- Film poster
- Directed by: Sunil Kumar Desai
- Screenplay by: Sunil Kumar Desai
- Story by: Sunil Kumar Desai
- Produced by: Lokesh R.
- Starring: Ramesh Aravind Anant Nag Harshika Poonacha Suman Divya Shetty Shridhar
- Cinematography: G.S. Bhaskar
- Edited by: B. S. Kemparaj
- Music by: Hamsalekha
- Production company: Sujana Creations
- Distributed by: Jayanna Films
- Release date: 4 March 2016;
- Running time: 153 minutes
- Country: India
- Language: Kannada

= ...Re =

...Re (If) is a 2016 Indian Kannada-language comedy film written and directed by Sunil Kumar Desai. The film has an ensemble cast consisting of veteran actors: Ramesh Aravind, Anant Nag, Master Hirannaiah, Loknath, Shivaram, Tennis Krishna, Ramesh Bhat, Vaijanath Biradar, Sharath Lohithaswa, Suman, G. K. Govinda Rao among others. Harshika Poonacha and debutant actress Suman play female leads in the film. Ananth Nag had revealed that the movie is thematically similar to Badal Sircar's play Ballabpurer Roopkatha.

==Production==
Pre-production of the film started in 2013 with the title Thandana Thandanaana. It was revealed that Lokesh R. under Sujana Creations would produce the film and that it would be mostly shot in and around Bengaluru.

Ace cinematographer G. S. Bhaskar who previously worked for Hollywood technicians such as Richard Attenborough handled the camera. Veteran music director Hamsalekha was signed to score music for the film. Anant Nag stated that the film was thematically similar to Badal Sircar's play Ballabpurer Roopkatha.

In an interview with The New Indian Express, the film's director Sunil Kumar Desai said that the film revolves around the "'ifs' of our lives". Lead actor of the film Ramesh Aravind described the film as "an out of the box love story, which has deep meaning with weird characterisations". Nag also felt that the film had "serious messages" about Indian cultural heritage and Adi Shankara's Advaita philosophy.

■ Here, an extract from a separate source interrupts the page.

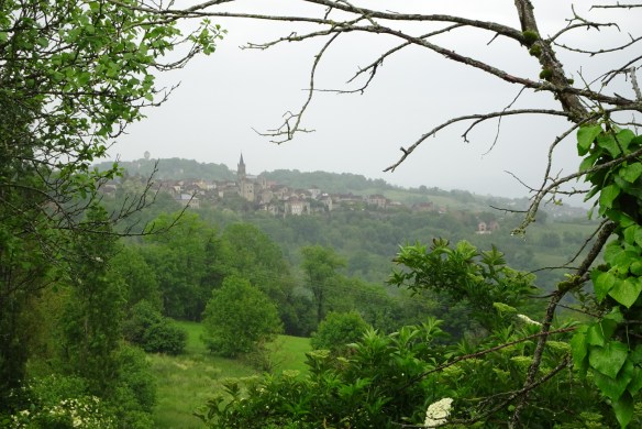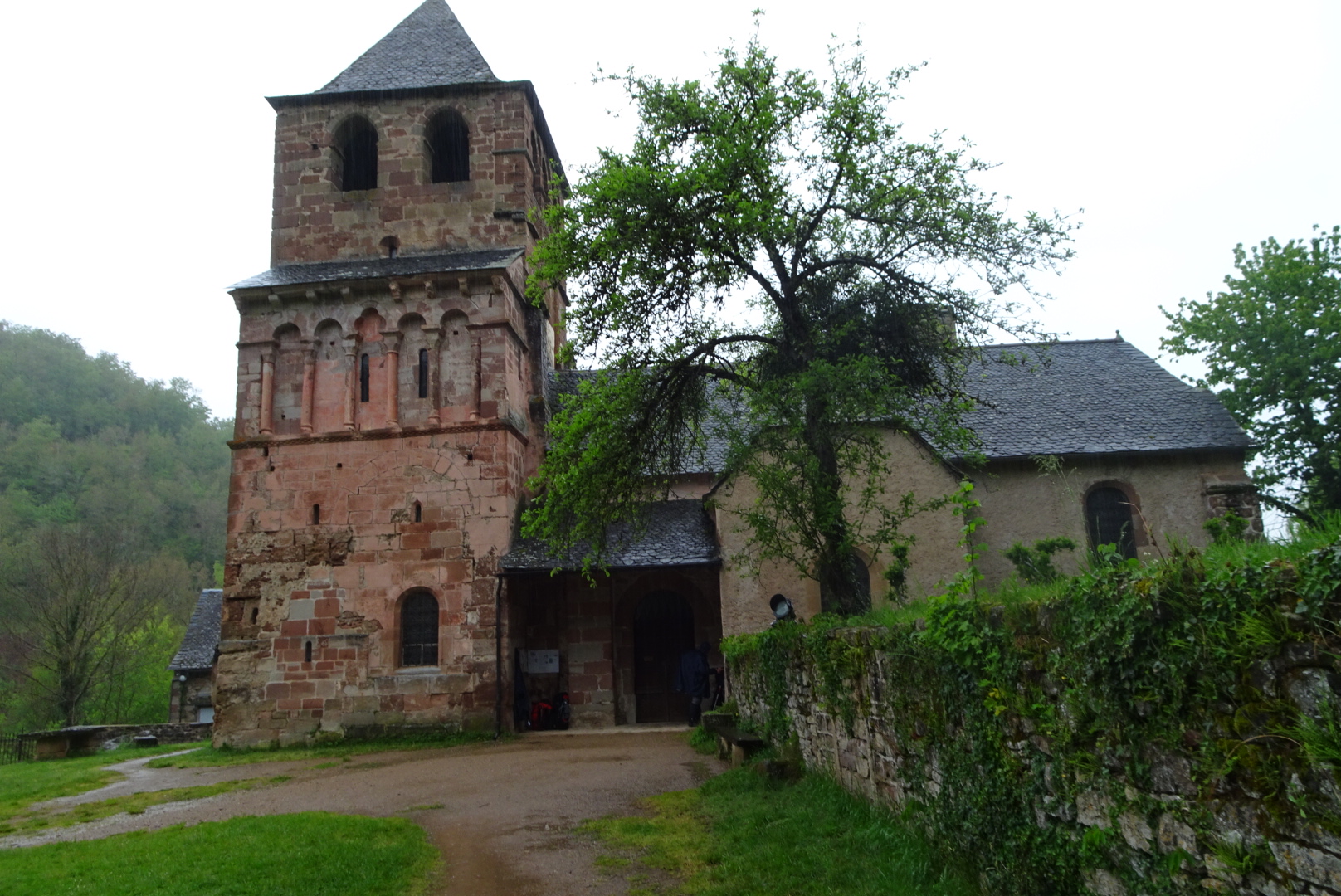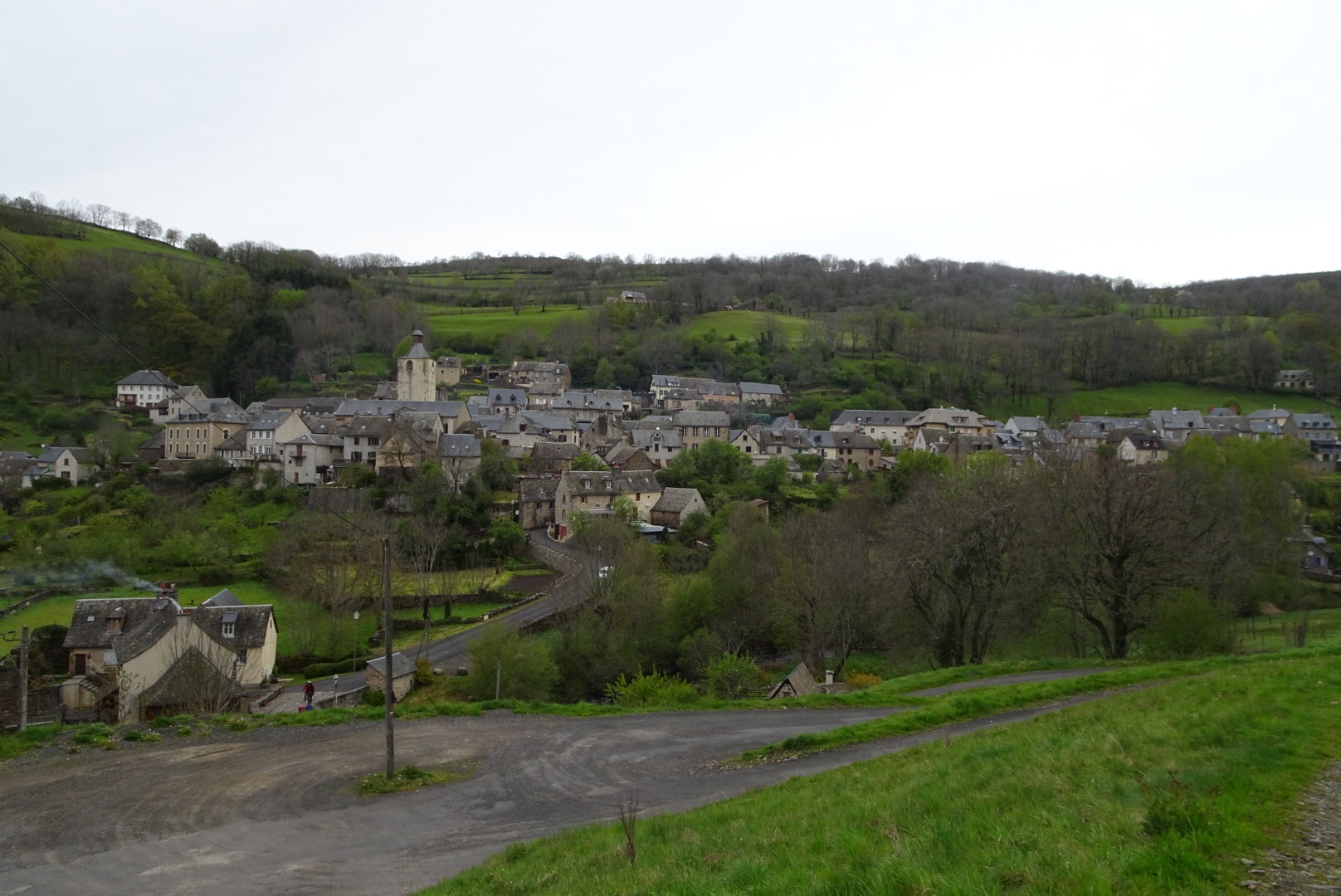C’est dans la brume et le froid que nous laissons Golinhac. Petit village bien tranquille où il ne se passe rien mais alors rien. La grosse pluie a cessé laissant la place à de sporadiques averses, nous obligeant à enfiler et retirer nos capes de pluie. Quelques heures plus tard nous sommes en vue du village d’Espeyrac bien logé dans la verdure .

The film was touted as a comeback film for veterans of Kannada cinema such as director Desai, composer Hamsalekha and senior artists Loknath and Shivaram. In an interview with the Times of India, Ramesh Aravind said that ...Re may seem like a film from the 70s or 80s and that the "old world charm" of the film was intentional. The film makes a sweeping criticism at the state of open defecation in India.

== Soundtrack ==

| No. | Song title | Singers | Lyrics |
|---|---|---|---|
| 1 | "Nanondu Bilihaale" | Badri Prasad, Hiranmayee | Hamsalekha |
| 2 | "Savi Nenapina" | Badri Prasad | Hamsalekha |

==Reception==
A reviewer of Kannada Prabha wrote"Sunil Kumar Desai, who weaves a story that takes place almost between the four walls, goes to build a hall of speech, is not a good drama and does not show excellence technically, Sunil Kumar Desai is disappointing". Sunayana Suresh from The Times of India says "While the soundtrack from Hamsalekha could have been a tad more contemporary, that can be forgiven given the old-world charm to the entire tale. Watch this for a dose of laughter, with some intelligent witticisms as the bonus". Shyam Prasad S from Bangalore Mirror says "Ramesh Aravind delivers another good performance and seems to be growing younger. It can be safely said that Harshika Poonacha is one of the best actresses in Sandalwood".